Foram pouco mais de 30 jogos pelos Rams, um em especial: a cinco de março do ano passado, antes da pandemia do novo coronavírus obrigar à paragem dos campeonatos, o Derby County recebeu o Manchester United na quinta eliminatória da Taça de Inglaterra. A equipa de Ole Gunnar Solskjaer venceu por 3-0, com golos de Luke Shaw e Ighalo (bis), mas o momento alto foi um livre de Rooney travado superiormente por  Sergio Romero. A partida terminou com abraços de parte a parte, com Rooney a receber felicitações e a instruir os mais novos jogadores do United. Solskjaer, que atuou ao lado de Wazza, admitiu que “por tudo o que deu ao United”, Rooney merecia que “Romero deixasse entrar aquela bola”.

Após uma série de resultados inconsistentes com Rooney a capitão e Philip Cocu a treinador, a direção do Derby decidiu demitir o técnico holandês. Rooney foi um dos cinco nomes escolhidos para, em conjunto, orientarem o destino dos Rams de forma interina. Fê-lo durante alguns encontros, na posição de treinador-jogador, mas esta sexta-feira, 15 de janeiro de 2021, assumiu definitivamente o cargo de técnico principal, colocando um ponto final numa carreira recheada de glória. “Ficar na linha lateral durante um jogo ou tentar colocar em prática o plano para os jogadores executarem é uma sensação completamente diferente. É um novo capítulo para mim. É óbvio que vou sentir falta de jogar, mas o tempo não pára para ninguém.

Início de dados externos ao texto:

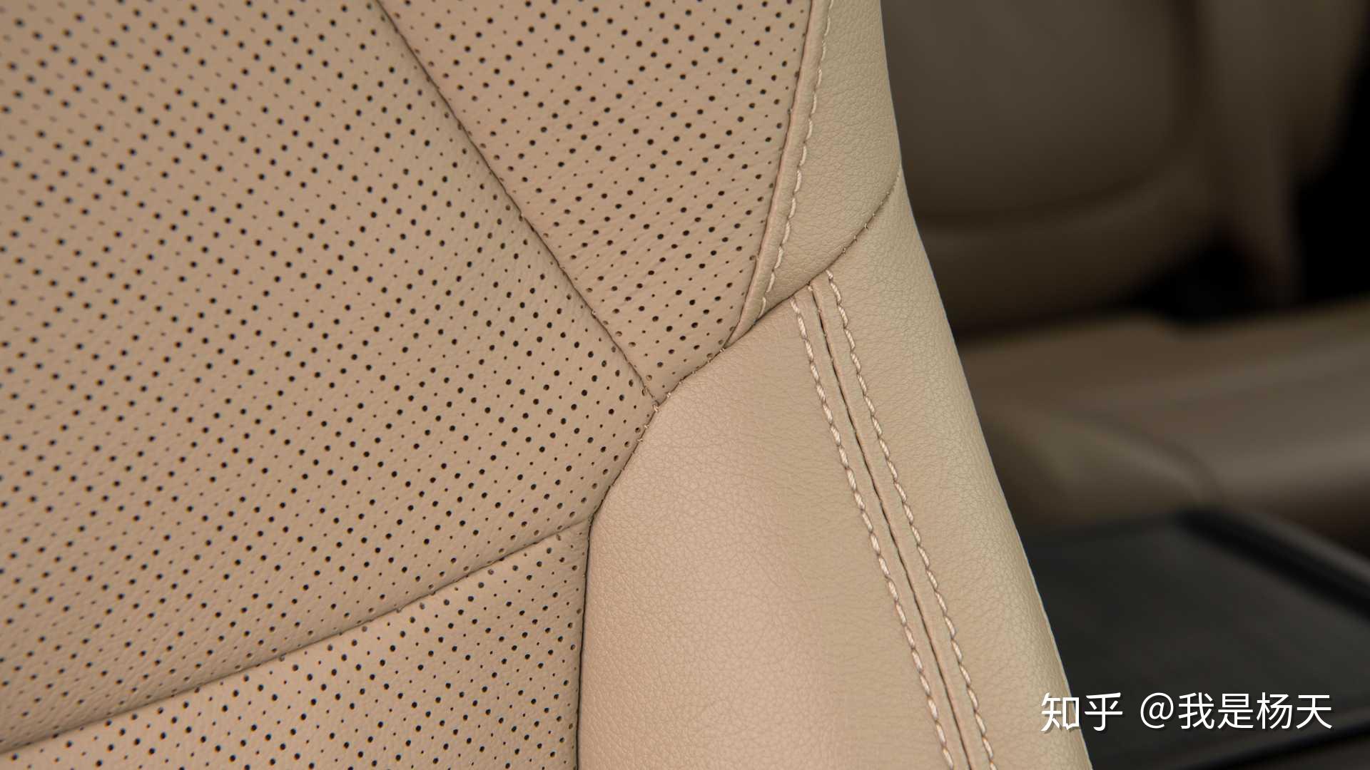 第二排座椅极为舒适,和前排是一样的皮革饰面。靠背可向后大角度调节,支持腿托,很舒服。

Eu vivi o meu, mas esta é a hora da geração mais nova viver o seu e de eu os tentar guiar para serem melhores jogadores”, afirmou na conferência de imprensa do anúncio oficial.

“As últimas semanas ajudaram-me na decisão de me retirar, deram-me tempo para pensar. O meu futuro é de treinador. Tive uma carreira fantástica, apreciei todos os minutos, altos e baixos, mas não mudaria nada enquanto jogador. Com sorte, posso começar a escrever uma história diferente e ter uma carreira de sucesso enquanto treinador”, acrescentou.

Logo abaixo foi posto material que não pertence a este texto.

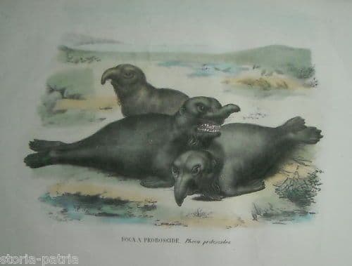 Antica Litografia Napoletana: Foca A Proboscide, Rispoli E Petraroja

Outrora protagonista de estreias de sonho enquanto futebolista, Wayne Rooney surge agora dissolvido nas altas expectativas dos adeptos do Derby County, atualmente 21.º classificado do Championship. É uma tarefa difícil, mas nada a que o agora ex-jogador não esteja habituado, não contabilizasse ele 559 presenças pelo Manchester United e 120 pela seleção dos Três Leões.

Mais. A história do Manchester United e da seleção de Inglaterra está recheada de nomes inesquecíveis do futebol, mas Wayne Rooney, de braçadeira no braço, está sentado no trono de ambas.